Your goal -
The following data is to be repeated exactly, its pictures excluded.
▼▼▼
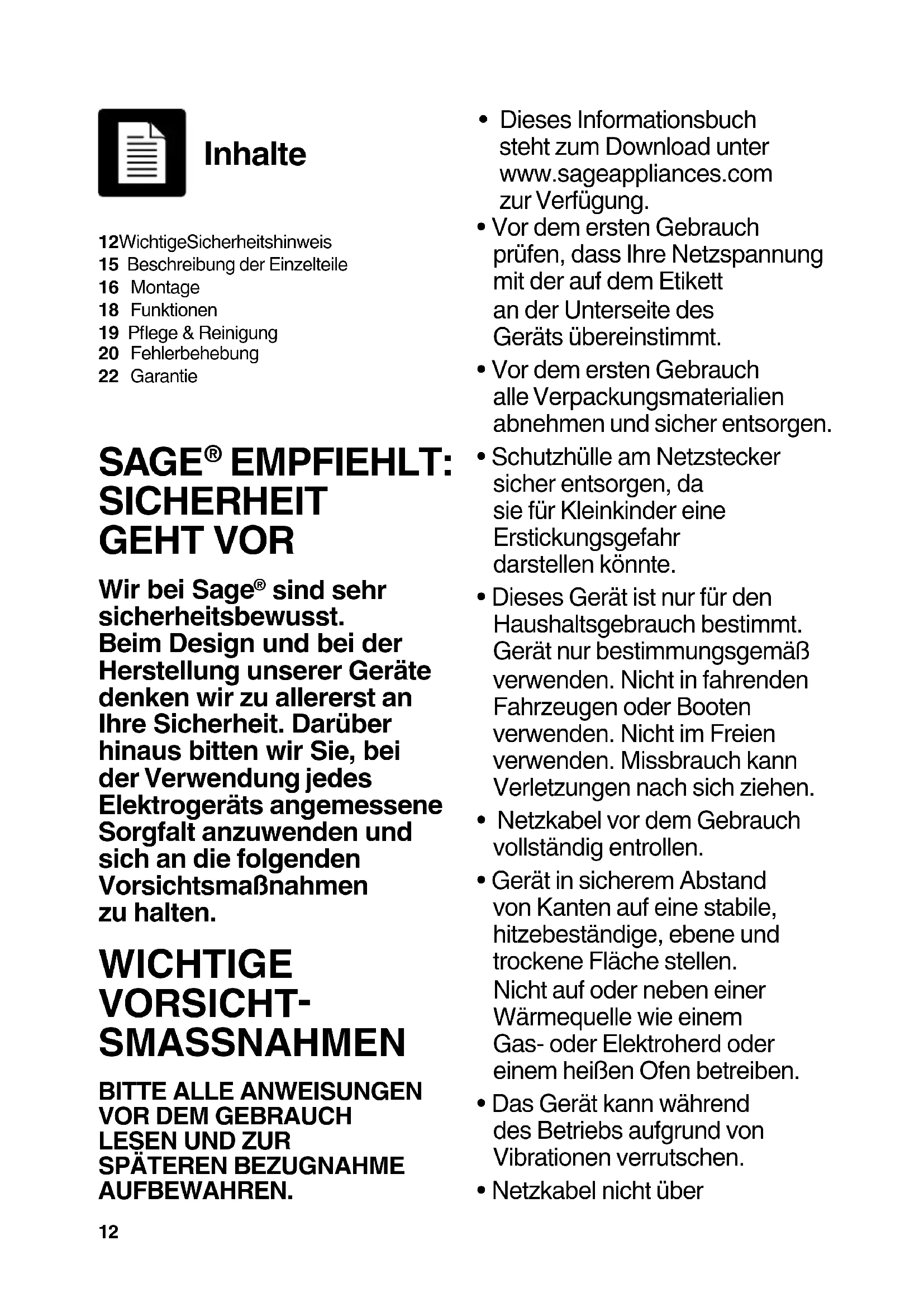 - Netzkabel nicht über 12 Wichtige Sicherheits hinweis15 Beschreibung der Einzelteile16 Montage18 Funktionen19 Pege & Reinigung20 Fehlerbehebung22 Garantie Inhalte SAGE
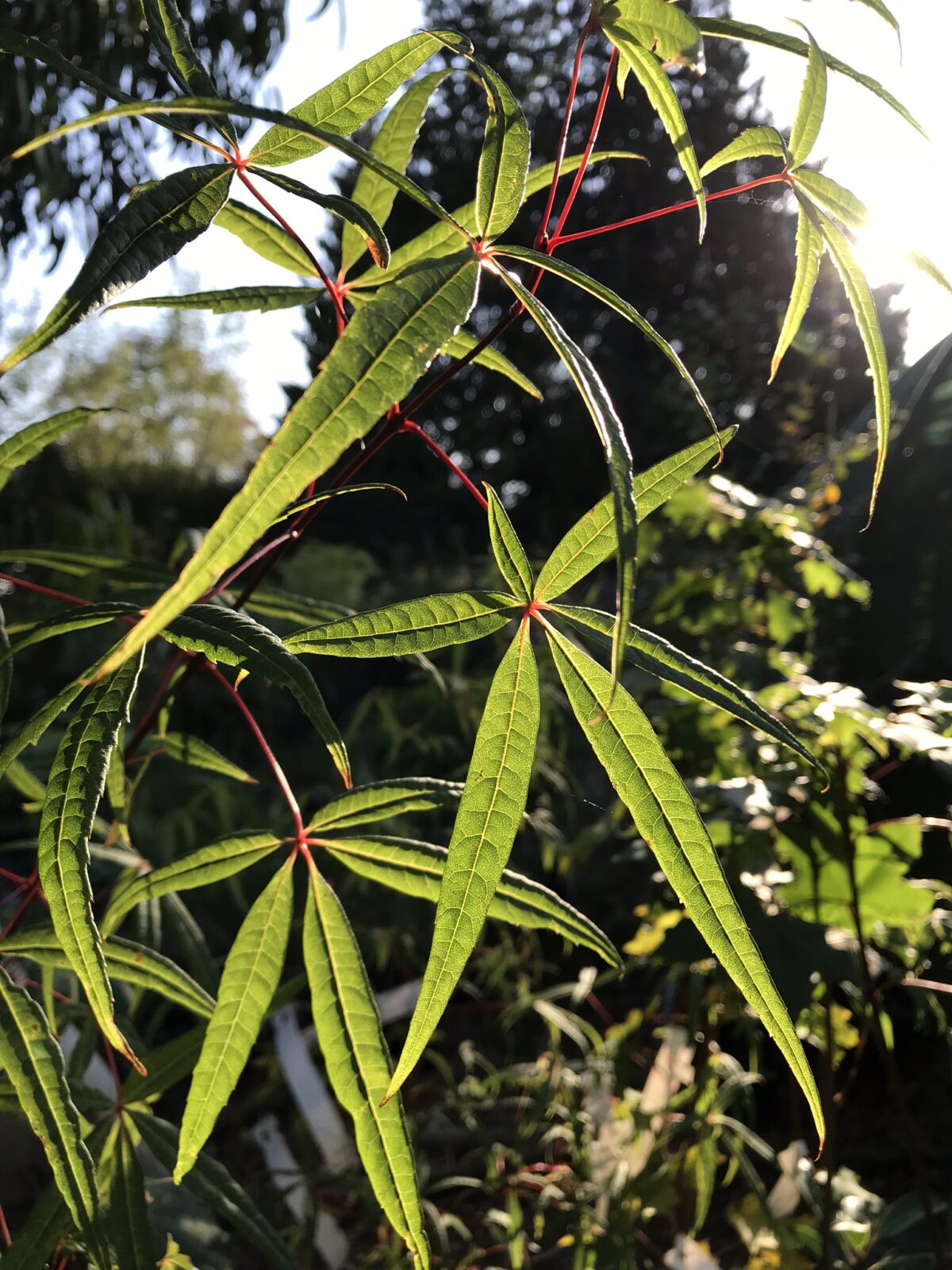 One of the most attractive of all maples yet critically endangered in its wild home, where there is just one small population left in W. Sichuan, China. The extremely beautiful leaves, on long slender scarlet petioles, are uniquely fully divided to the base with five very slim, linear-lanceolate segments, green above and pale glaucous beneath. Can take at least -10c.
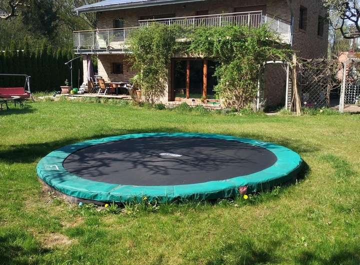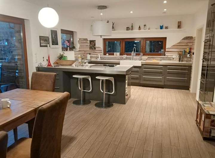 wassergeführter Kamin - Bad mit Badewanne sowie zusätzlich 2 Räume mit Toiletten mit Dusche . Einbauküche - großzügige Terassen - bodeneingelassenes Trampolin
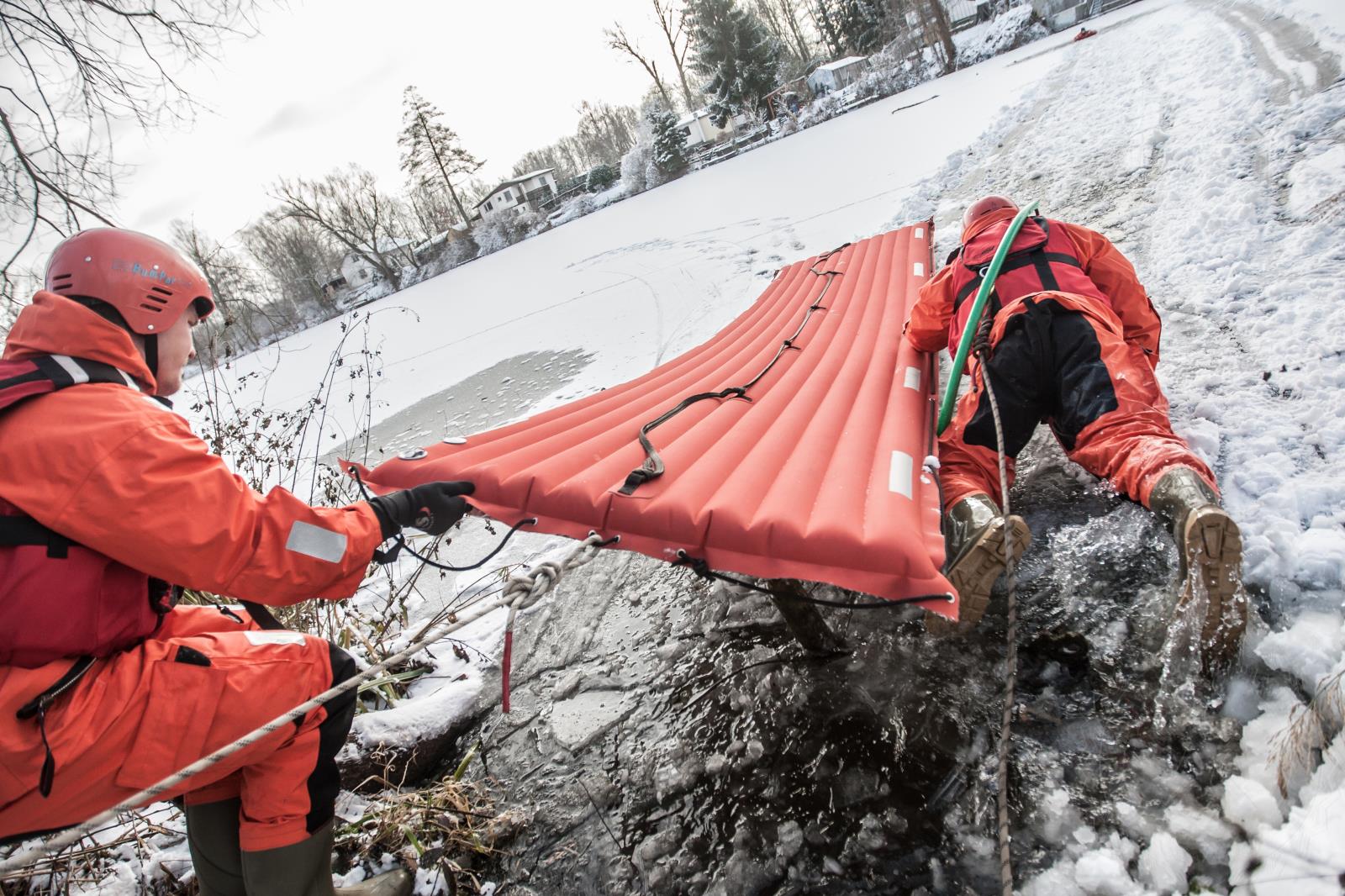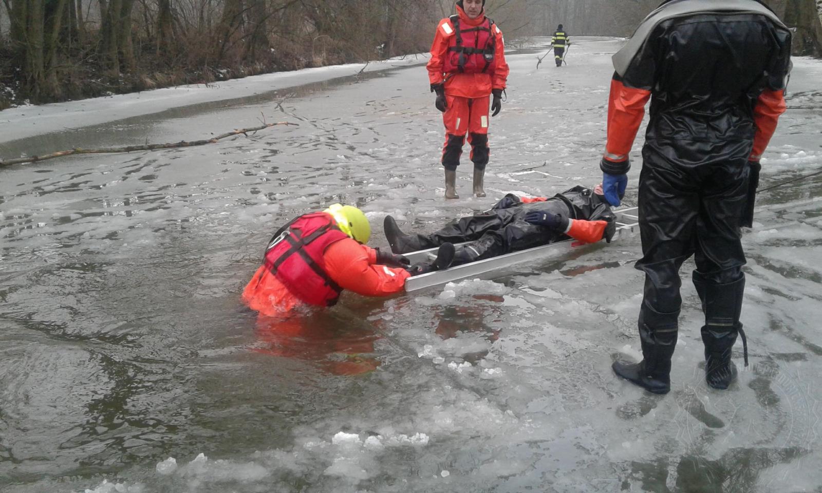 - Při samotné záchraně tonoucích osob z ledové vody po propadnutí je v prvé řadě nutné nejdříve: uvědomit složky IZS (integrovaného záchranného systému) linky 112 nebo 150 a 155. K okraji propadlého ledu se pak přibližujte s ohledem na svoji vlastní bezpečnost velice opatrně, s využitím co největší plochy (plazením, s použití žebříků, desek, klád nebo plavidel) a pokud možno upoutáni na laně s jakýmikoliv i improvizovanými plovacími pomůckami.
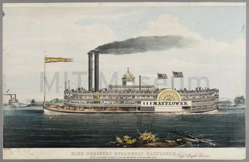 High Pressure Steamboat Mayflower Lithograph of steamboat Mayflower sailing to left. Two American flags flying from …
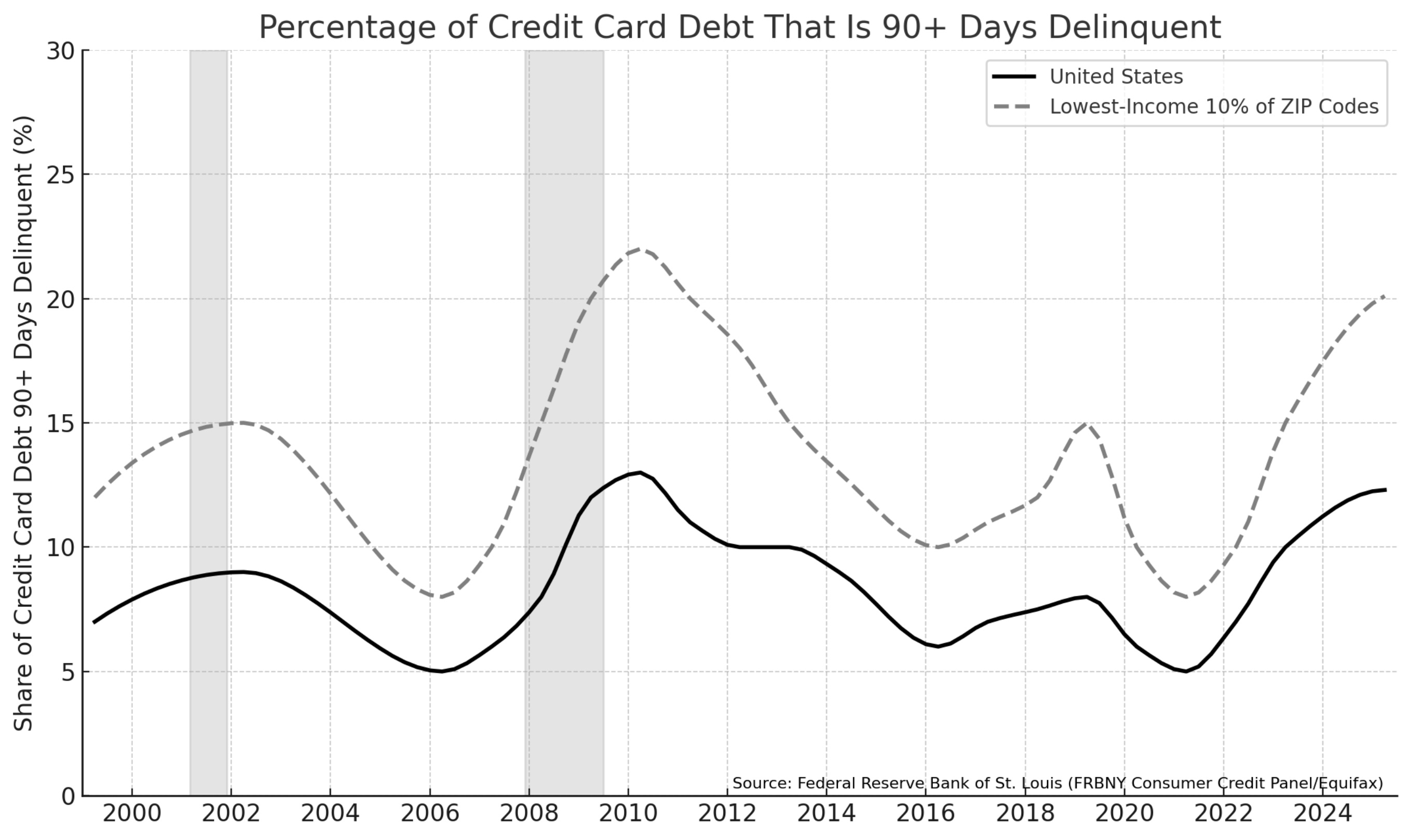 Figure 1: Rising Credit Stress Among Consumers. Percentage of credit card debt 90+ days delinquent in the United States (black line) versus in the poorest 10% of ZIP codes (dashed line). Delinquency rates spiked in the aftermath of the 2008 financial crisis, then fell during the 2010s expansion. Since 2021, however, they have been climbing again – reaching ~12% nationally and ~20% in low-income areas by early 2025. These levels are approaching those of the Great Recession, a troubling sign given the relatively strong labor market over this period. (Source: FRB NY Consumer Credit Panel/Equifax)
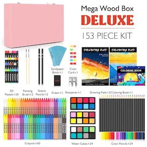 Este conjunto de arte All in One Deluxe tem tudo o que você precisa para começar a criar em um estojo de madeira compacto Inclui todos os tipos de materiais para colorir e desenhar para artistas de todas as idades, como lápis de cor, giz de cera, pastéis, marcadores, 2 blocos de desenho, 1 livro de colorir e aquarelas. É o kit de arte perfeito para um artista iniciante e aspirante que adora explorar e experimentar s e diferentes meios de arte. Presenteie este kit de desenho para adultos, crianças e adolescentes, equipando os com seus primeiros conjuntos de arte.
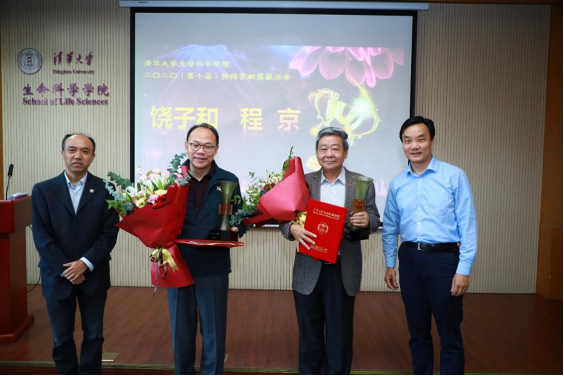 会上首先颁发的是生命学院特殊贡献奖。院长王宏伟宣读了颁奖词,并介绍了两位获奖人在90年代末学成归国,在生物系当时艰苦的条件下组建团队、开拓资源的励志故事以及他们分别在生物物理和国内生物芯片领域做出的重要贡献,王宏伟提到,两位获奖人对当时生物系的科研攻关、人才培养都发挥了关键的作用。紧接着,王宏伟和学院党委书记吴畏为获得第10届特殊贡献奖的饶子和院士和程京院士颁发了奖杯和证书。在两位获奖者的获奖感言中,饶子和院士首先分享了感恩和感激,他结合自己多年来在冠状病毒领域的科研经历,鼓励年轻学者要专注学术,要有国际视野,勇攀科技高峰。程京院士先是分享了自己从英国回到生物系的小故事及自己和生物系的深厚感情,他结合自己在SARS和冠状病毒中的抗疫经历,鼓励大家胸怀天下,为清华生命科学和医学发展竭尽全力做出贡献。
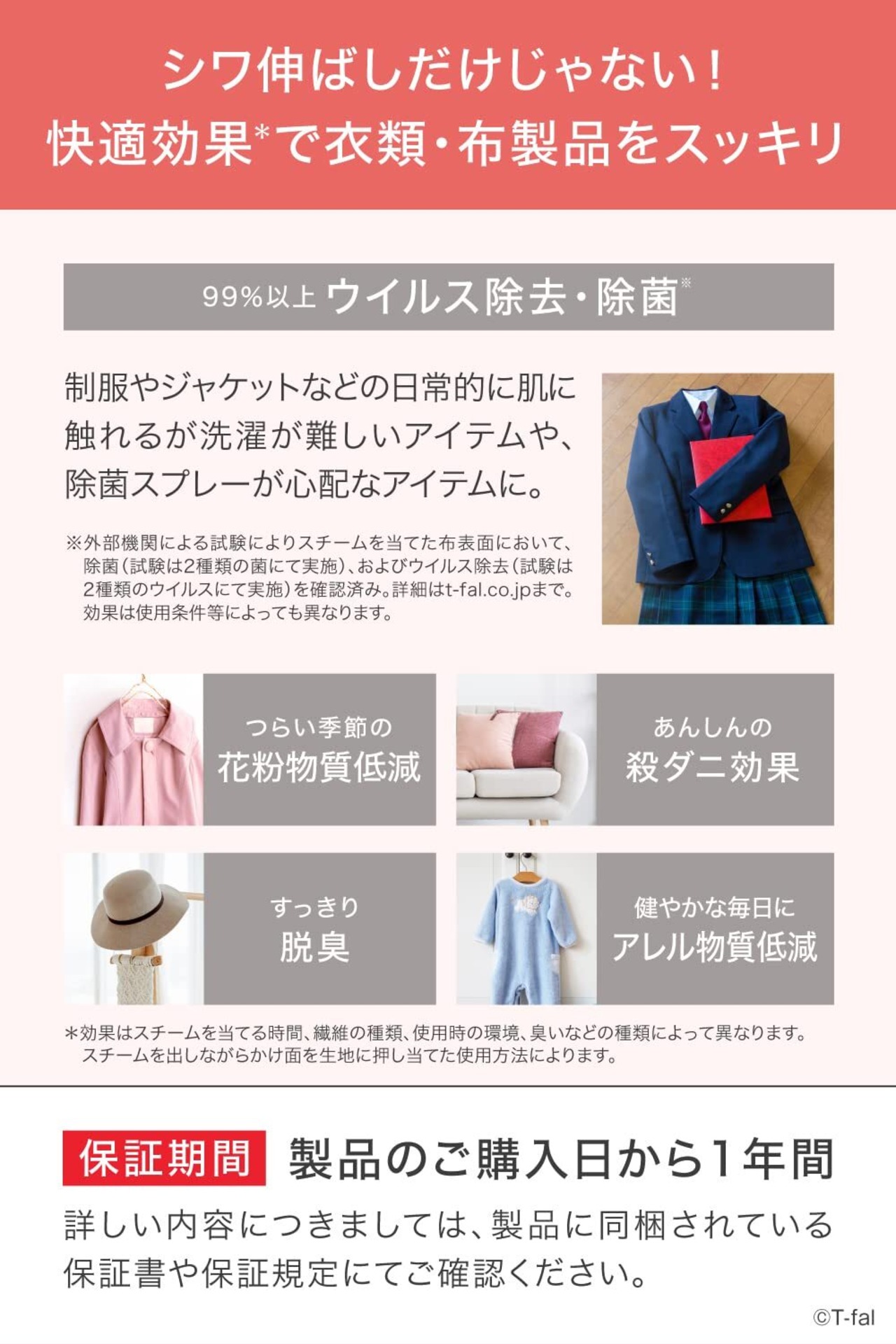 【特長④】『99%以上、ウイルス除去・除菌※』大量のスチームが繊維の奥まで行き渡り、簡単・パワフルに衣類を除菌。菌やウイルスは高温で除去できるため、シワを伸ばしながらしっかりケアが行えます。帰宅後のマスク※のケアや、乳幼児の衣類の仕上げ、肌に触れるのに洗濯が難しいものにオススメです。※効果はスチームを当てる時間、繊維の種類、使用時の環境、臭い等の種類によって異なります。スチームを出しながらかけ面を生地に押し当てた使用方法によります。
▲▲▲
Exercise response -
 - Netzkabel nicht über 12 Wichtige Sicherheits hinweis15 Beschreibung der Einzelteile16 Montage18 Funktionen19 Pege & Reinigung20 Fehlerbehebung22 Garantie Inhalte SAGE
 One of the most attractive of all maples yet critically endangered in its wild home, where there is just one small population left in W. Sichuan, China. The extremely beautiful leaves, on long slender scarlet petioles, are uniquely fully divided to the base with five very slim, linear-lanceolate segments, green above and pale glaucous beneath. Can take at least -10c.
 wassergeführter Kamin - Bad mit Badewanne sowie zusätzlich 2 Räume mit Toiletten mit Dusche . Einbauküche - großzügige Terassen - bodeneingelassenes Trampolin
 - Při samotné záchraně tonoucích osob z ledové vody po propadnutí je v prvé řadě nutné nejdříve: uvědomit složky IZS (integrovaného záchranného systému) linky 112 nebo 150 a 155. K okraji propadlého ledu se pak přibližujte s ohledem na svoji vlastní bezpečnost velice opatrně, s využitím co největší plochy (plazením, s použití žebříků, desek, klád nebo plavidel) a pokud možno upoutáni na laně s jakýmikoliv i improvizovanými plovacími pomůckami.
 High Pressure Steamboat Mayflower Lithograph of steamboat Mayflower sailing to left. Two American flags flying from …
 Figure 1: Rising Credit Stress Among Consumers. Percentage of credit card debt 90+ days delinquent in the United States (black line) versus in the poorest 10% of ZIP codes (dashed line). Delinquency rates spiked in the aftermath of the 2008 financial crisis, then fell during the 2010s expansion. Since 2021, however, they have been climbing again – reaching ~12% nationally and ~20% in low-income areas by early 2025. These levels are approaching those of the Great Recession, a troubling sign given the relatively strong labor market over this period. (Source: FRB NY Consumer Credit Panel/Equifax)
 Este conjunto de arte All in One Deluxe tem tudo o que você precisa para começar a criar em um estojo de madeira compacto Inclui todos os tipos de materiais para colorir e desenhar para artistas de todas as idades, como lápis de cor, giz de cera, pastéis, marcadores, 2 blocos de desenho, 1 livro de colorir e aquarelas. É o kit de arte perfeito para um artista iniciante e aspirante que adora explorar e experimentar s e diferentes meios de arte. Presenteie este kit de desenho para adultos, crianças e adolescentes, equipando os com seus primeiros conjuntos de arte.
 会上首先颁发的是生命学院特殊贡献奖。院长王宏伟宣读了颁奖词,并介绍了两位获奖人在90年代末学成归国,在生物系当时艰苦的条件下组建团队、开拓资源的励志故事以及他们分别在生物物理和国内生物芯片领域做出的重要贡献,王宏伟提到,两位获奖人对当时生物系的科研攻关、人才培养都发挥了关键的作用。紧接着,王宏伟和学院党委书记吴畏为获得第10届特殊贡献奖的饶子和院士和程京院士颁发了奖杯和证书。在两位获奖者的获奖感言中,饶子和院士首先分享了感恩和感激,他结合自己多年来在冠状病毒领域的科研经历,鼓励年轻学者要专注学术,要有国际视野,勇攀科技高峰。程京院士先是分享了自己从英国回到生物系的小故事及自己和生物系的深厚感情,他结合自己在SARS和冠状病毒中的抗疫经历,鼓励大家胸怀天下,为清华生命科学和医学发展竭尽全力做出贡献。
 【特長④】『99%以上、ウイルス除去・除菌※』大量のスチームが繊維の奥まで行き渡り、簡単・パワフルに衣類を除菌。菌やウイルスは高温で除去できるため、シワを伸ばしながらしっかりケアが行えます。帰宅後のマスク※のケアや、乳幼児の衣類の仕上げ、肌に触れるのに洗濯が難しいものにオススメです。※効果はスチームを当てる時間、繊維の種類、使用時の環境、臭い等の種類によって異なります。スチームを出しながらかけ面を生地に押し当てた使用方法によります。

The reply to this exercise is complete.